What is the best way to replace the belt between the cone drive and the spindle?  I can't imagine you need to dismantle the spindle and other drive works to install a belt??

I see on the forum some discussions about gluing a belt and using a link belt.  I suppose that is to allow the belt to be replaced without dismantling the lathe.
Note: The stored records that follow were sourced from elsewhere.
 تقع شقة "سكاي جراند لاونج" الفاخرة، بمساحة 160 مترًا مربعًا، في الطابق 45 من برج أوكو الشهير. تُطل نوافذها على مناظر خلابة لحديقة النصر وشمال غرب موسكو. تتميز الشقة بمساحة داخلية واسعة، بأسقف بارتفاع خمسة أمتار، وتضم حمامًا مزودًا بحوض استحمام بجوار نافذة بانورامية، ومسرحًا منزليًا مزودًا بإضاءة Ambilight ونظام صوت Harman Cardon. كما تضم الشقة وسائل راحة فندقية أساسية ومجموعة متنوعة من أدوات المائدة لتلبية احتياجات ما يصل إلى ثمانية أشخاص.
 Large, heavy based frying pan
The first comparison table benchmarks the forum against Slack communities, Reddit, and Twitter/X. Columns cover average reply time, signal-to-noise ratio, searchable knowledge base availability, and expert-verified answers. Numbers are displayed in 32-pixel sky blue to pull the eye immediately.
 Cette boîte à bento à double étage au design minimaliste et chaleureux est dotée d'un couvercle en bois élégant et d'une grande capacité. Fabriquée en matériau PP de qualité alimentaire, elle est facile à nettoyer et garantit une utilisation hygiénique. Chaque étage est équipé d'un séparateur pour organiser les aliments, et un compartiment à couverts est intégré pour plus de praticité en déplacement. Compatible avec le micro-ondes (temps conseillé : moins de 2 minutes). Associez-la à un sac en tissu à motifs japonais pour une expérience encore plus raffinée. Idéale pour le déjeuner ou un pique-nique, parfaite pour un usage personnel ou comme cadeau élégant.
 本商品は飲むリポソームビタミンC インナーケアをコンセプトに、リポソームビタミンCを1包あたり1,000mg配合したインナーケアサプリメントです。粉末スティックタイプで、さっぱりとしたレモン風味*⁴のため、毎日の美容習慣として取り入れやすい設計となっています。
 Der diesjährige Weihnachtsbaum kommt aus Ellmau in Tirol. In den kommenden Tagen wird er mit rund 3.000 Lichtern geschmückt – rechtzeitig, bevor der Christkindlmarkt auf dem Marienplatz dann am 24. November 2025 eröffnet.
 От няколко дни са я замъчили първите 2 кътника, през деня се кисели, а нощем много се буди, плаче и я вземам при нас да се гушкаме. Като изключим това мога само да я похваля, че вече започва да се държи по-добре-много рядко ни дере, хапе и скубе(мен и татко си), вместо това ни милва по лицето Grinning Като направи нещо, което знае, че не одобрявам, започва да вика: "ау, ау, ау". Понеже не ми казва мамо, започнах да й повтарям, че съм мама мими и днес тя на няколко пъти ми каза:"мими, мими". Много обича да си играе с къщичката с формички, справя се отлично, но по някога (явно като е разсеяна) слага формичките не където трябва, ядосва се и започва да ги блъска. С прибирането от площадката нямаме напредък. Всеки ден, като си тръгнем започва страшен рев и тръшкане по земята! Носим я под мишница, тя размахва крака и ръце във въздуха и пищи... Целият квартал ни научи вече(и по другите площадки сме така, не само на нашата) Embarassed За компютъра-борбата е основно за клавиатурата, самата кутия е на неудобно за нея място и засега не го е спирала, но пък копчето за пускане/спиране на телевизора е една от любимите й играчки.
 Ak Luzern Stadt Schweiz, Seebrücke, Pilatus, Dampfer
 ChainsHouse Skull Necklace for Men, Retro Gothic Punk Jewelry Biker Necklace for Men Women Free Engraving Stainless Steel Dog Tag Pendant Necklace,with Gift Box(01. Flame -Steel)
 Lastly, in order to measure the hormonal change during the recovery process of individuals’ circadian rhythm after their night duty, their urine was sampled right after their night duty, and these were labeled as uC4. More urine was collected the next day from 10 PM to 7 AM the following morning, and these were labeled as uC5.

Any advice on "where" to get a new belt is appreciated.


----------



## November X-ray (Aug 31, 2011)

Would it be possible for you to post a picture of your unit's pulley area?


----------



## pjf134 (Sep 1, 2011)

There are a couple of ways to replace a belt, one way is to get a leather belt and splice it then clamp, glue and wait 12 to 24 hours or get a car belt (serp.) then splice as described or use a link belt like I did and only takes 2 minutes and no need to splice, just remove extra links and re-attach (see pic). I had mine on the lathe since march and it does not slip, but the motor v belt does. I will not go back to leather as I love the link belt. The under drive units should work also as long as there is room for the extra thickness. Mine came as 60", but I only needed 54".
Paul


----------



## dcms (Sep 1, 2011)

Thanks for the help. This seems fairly straight forward.  I don't have a way to post a picture yet. Will post one as soon as I get a way to transfer photo to computer.


----------